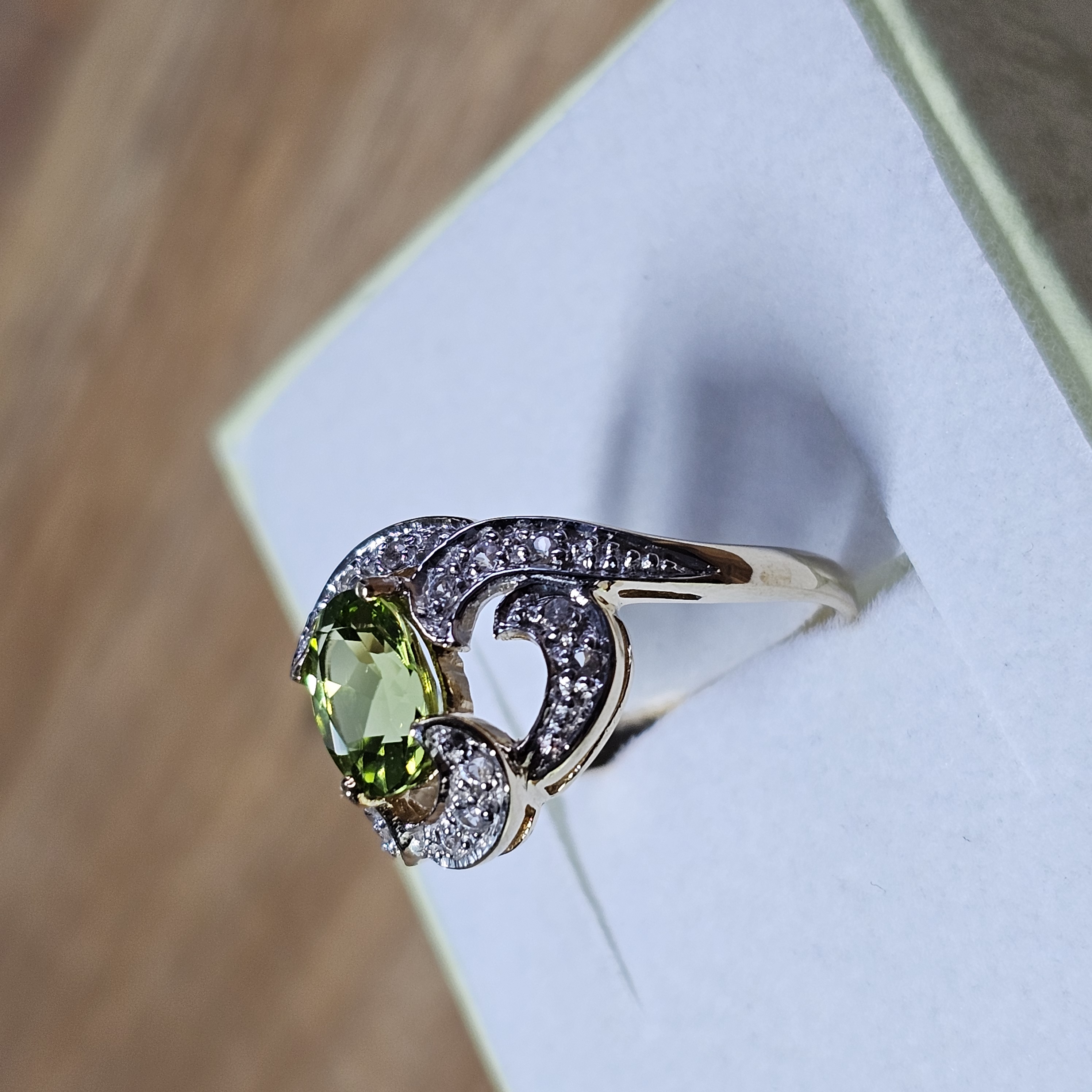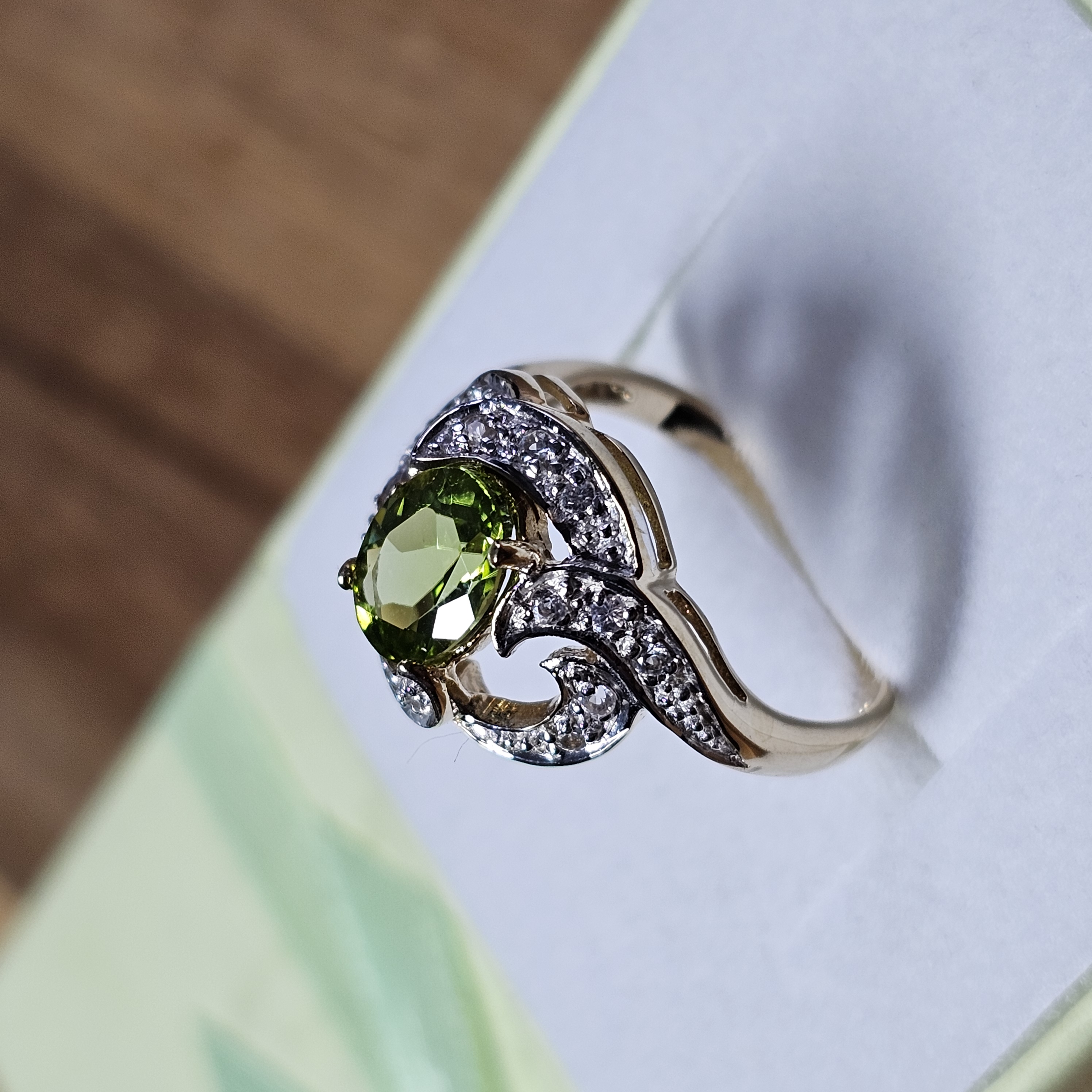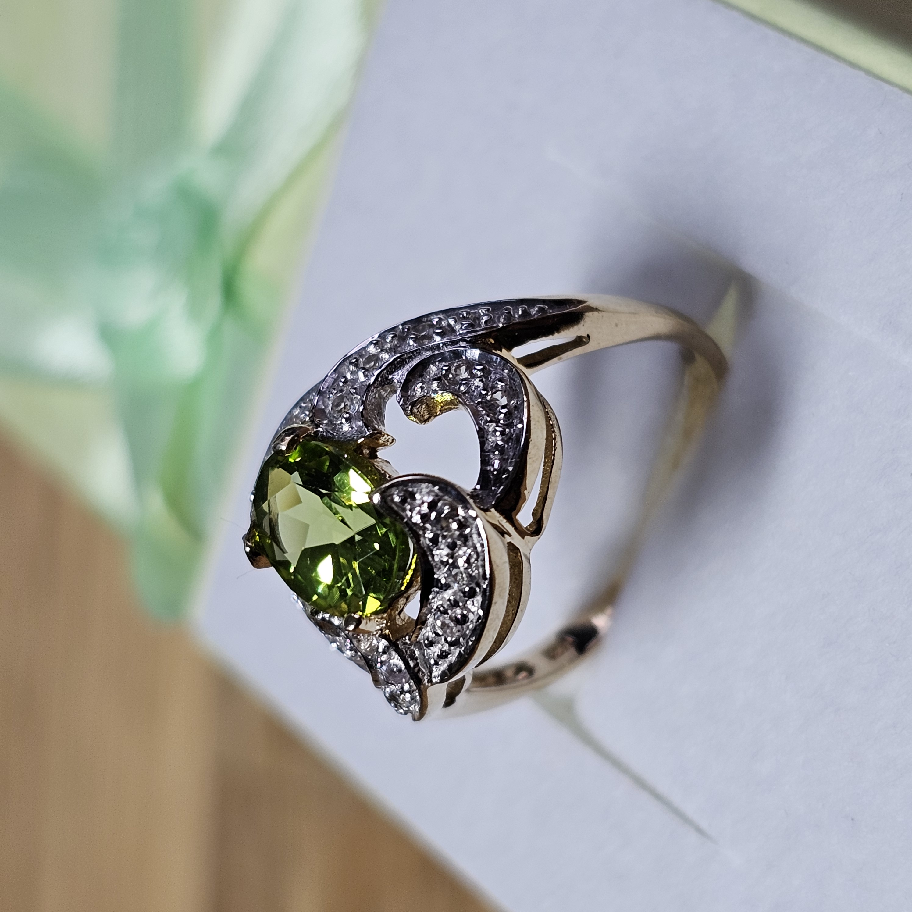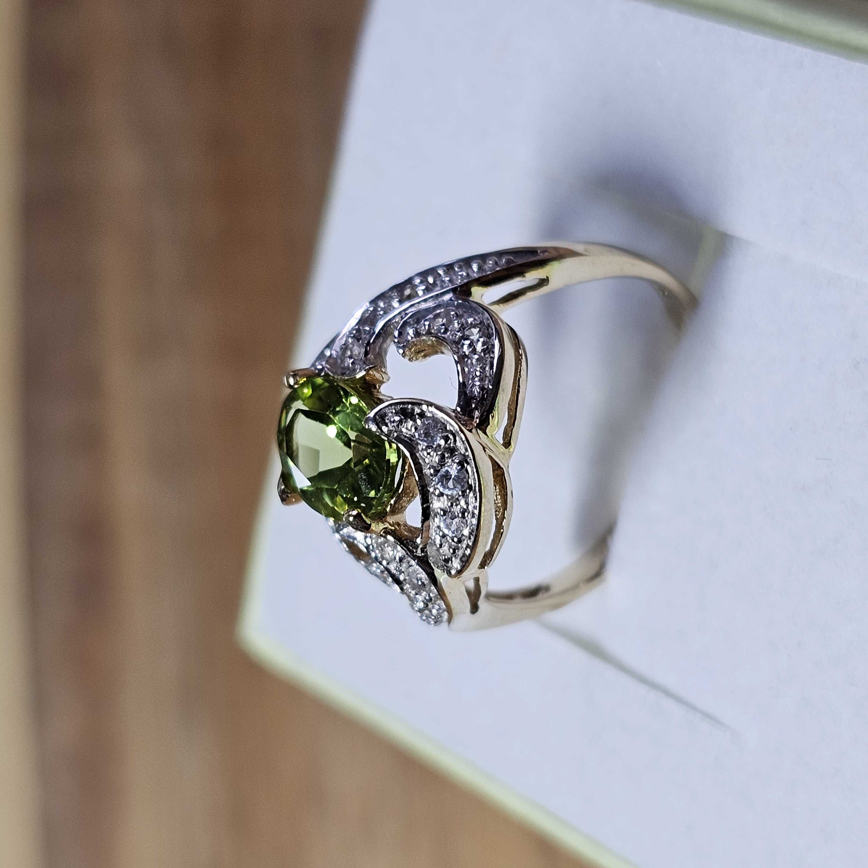 Eleganter Goldring aus Gold 375. Auf dem traumhaft schön gestalteten Ringkopf sitzt ein Peridot. Der teilplatinierte Untergrund wird von klaren Topassteinchen geschmückt.
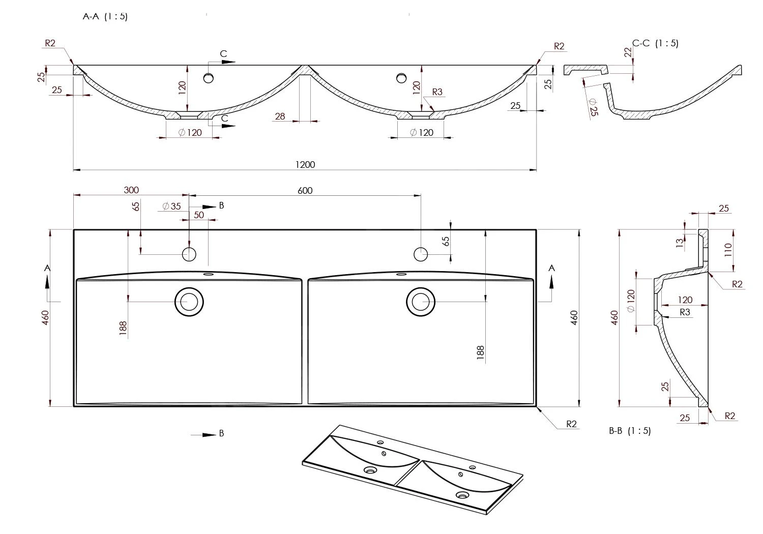 Waschtisch für den Einbau in Möbel mit 2 Überläufen
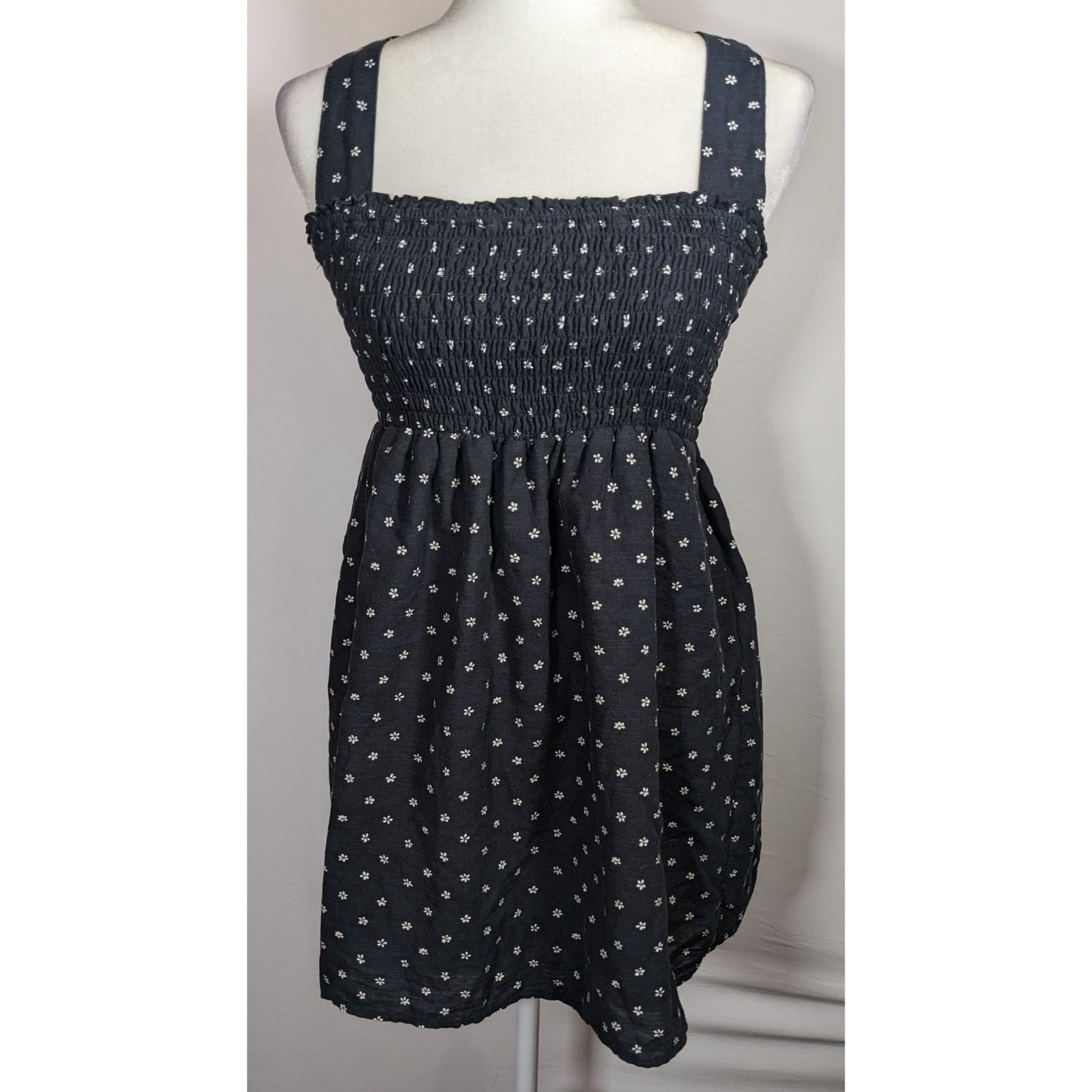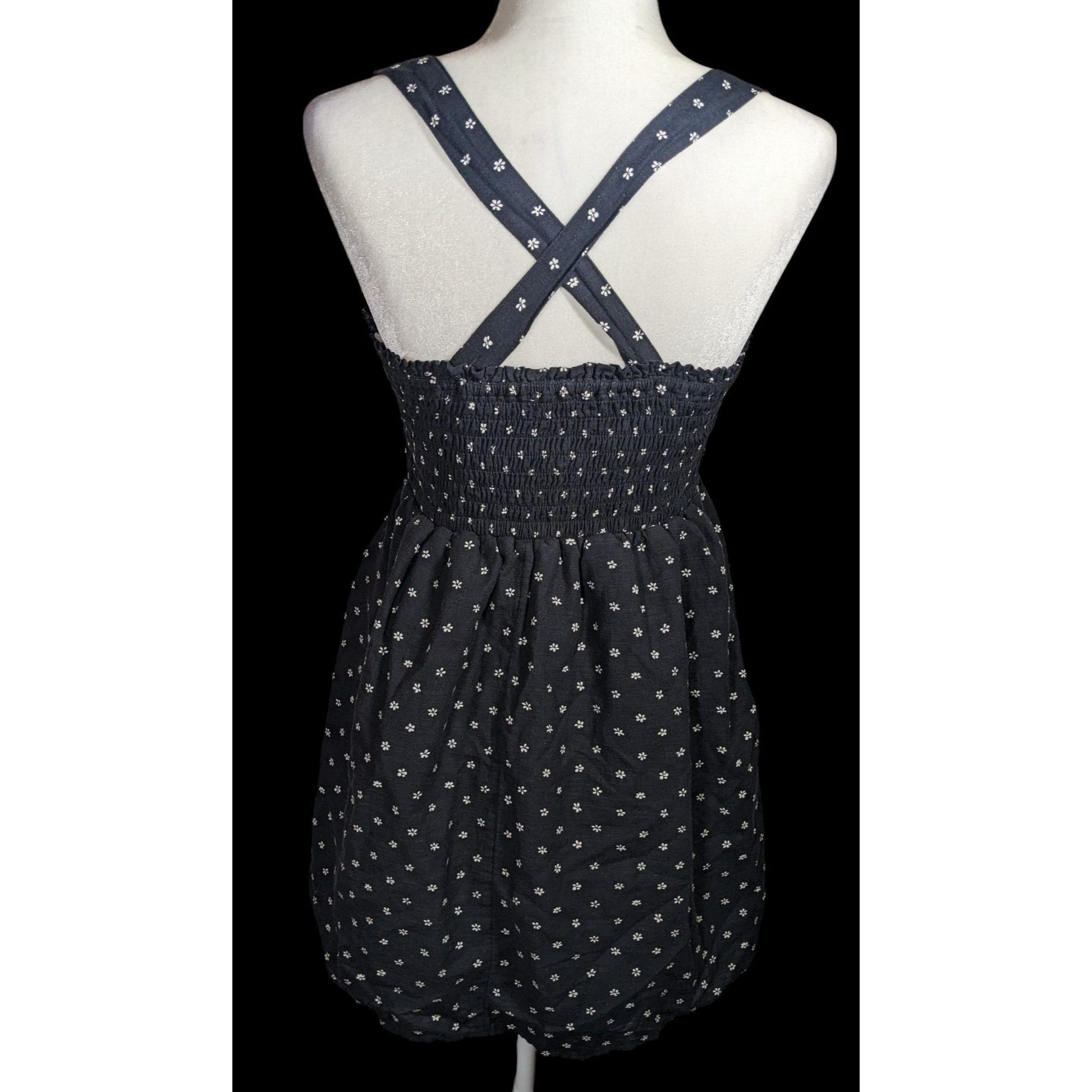 This American Eagle summery mini dress features a black floral design, perfect for casual outings or beach days. Its lightweight fabric ensures comfort and style. Ideal for warm weather.
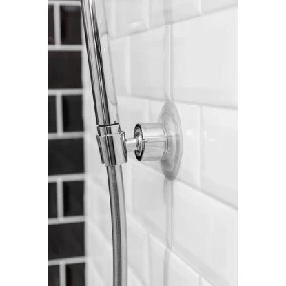Eine praktische Möglichkeit zum Einhängen der Handbrause bietet der Duschkopfhalter 360° von WENKO in Chrom. Dabei wird der hochwertige Halter selbst ganz einfach ohne Bohren an der Wand befestigt.
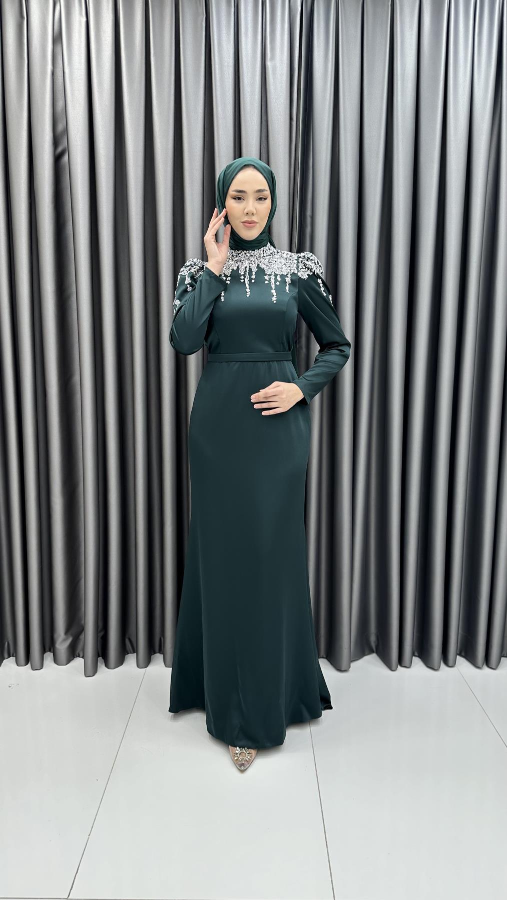 4803 H - AHUSE Taş İşlemeli ve Kemer Detaylı Hafif Balık Kesim Saten Abiye Elbise
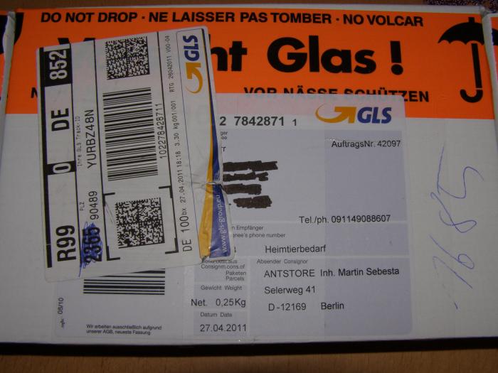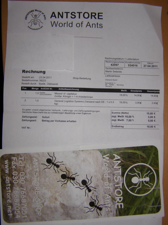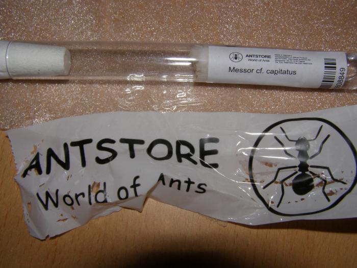 Заказал на сайте antstore.net мурашей, Messor capitatus. Отгружены, из Берлина в 18:16 27.04, а получил я их 29 в обед. Упакованы в коробочку, в пробирке. рекламационные листки, рекомендации. Пробирка завёрнута в целлофан . Всё вроде ОК! Но у меня к ним есть претензии и я им их выскажу по телефону после выходных.
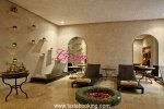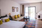 - Les chambres, décorées dans un style marocain traditionnel, comprennent du carrelage Tadelakt et des plafonds boisés. Elles possèdent la climatisation, une cheminée et une terrasse privée.
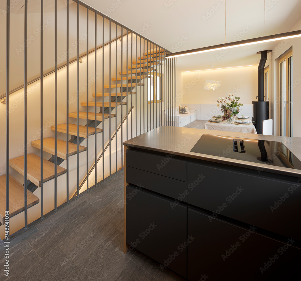 Open space with a kitchen island, a table and at the back the sofa and the stove. On the left a modern staircase in wood and metal.
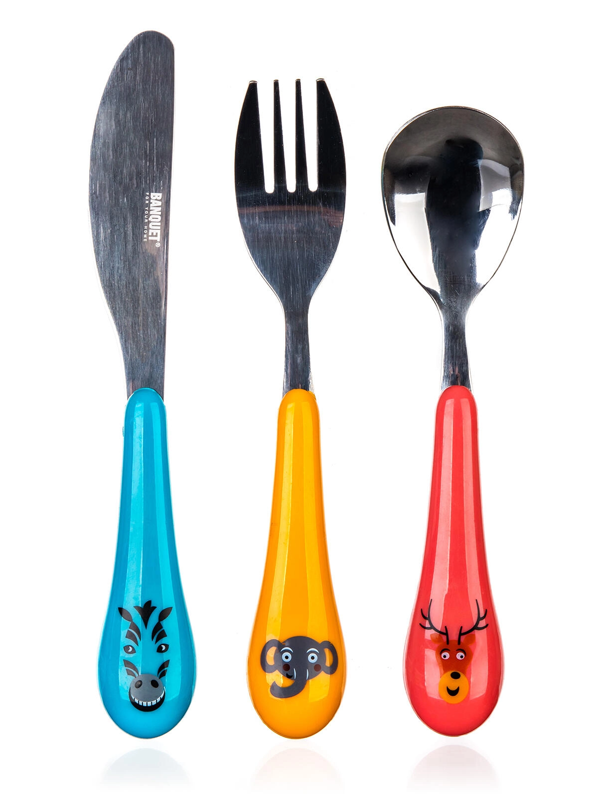 Ovaj set od 3 dijela sadrži sve što je djeci potrebno za ugodno objedovanje: žlicu, vilicu i nož. Zahvaljujući razigranim motivima iz ZOO-a svaki će obrok postati zabava, a djeca će brže usvojiti pravilne navike.

What this task involves ▸
Output the lines above verbatim, images excluded.

Answer to the exercise ▸
 Eleganter Goldring aus Gold 375. Auf dem traumhaft schön gestalteten Ringkopf sitzt ein Peridot. Der teilplatinierte Untergrund wird von klaren Topassteinchen geschmückt.
 Waschtisch für den Einbau in Möbel mit 2 Überläufen
 This American Eagle summery mini dress features a black floral design, perfect for casual outings or beach days. Its lightweight fabric ensures comfort and style. Ideal for warm weather.
Eine praktische Möglichkeit zum Einhängen der Handbrause bietet der Duschkopfhalter 360° von WENKO in Chrom. Dabei wird der hochwertige Halter selbst ganz einfach ohne Bohren an der Wand befestigt.
 4803 H - AHUSE Taş İşlemeli ve Kemer Detaylı Hafif Balık Kesim Saten Abiye Elbise
 Заказал на сайте antstore.net мурашей, Messor capitatus. Отгружены, из Берлина в 18:16 27.04, а получил я их 29 в обед. Упакованы в коробочку, в пробирке. рекламационные листки, рекомендации. Пробирка завёрнута в целлофан . Всё вроде ОК! Но у меня к ним есть претензии и я им их выскажу по телефону после выходных.
 - Les chambres, décorées dans un style marocain traditionnel, comprennent du carrelage Tadelakt et des plafonds boisés. Elles possèdent la climatisation, une cheminée et une terrasse privée.
 Open space with a kitchen island, a table and at the back the sofa and the stove. On the left a modern staircase in wood and metal.
 Ovaj set od 3 dijela sadrži sve što je djeci potrebno za ugodno objedovanje: žlicu, vilicu i nož. Zahvaljujući razigranim motivima iz ZOO-a svaki će obrok postati zabava, a djeca će brže usvojiti pravilne navike.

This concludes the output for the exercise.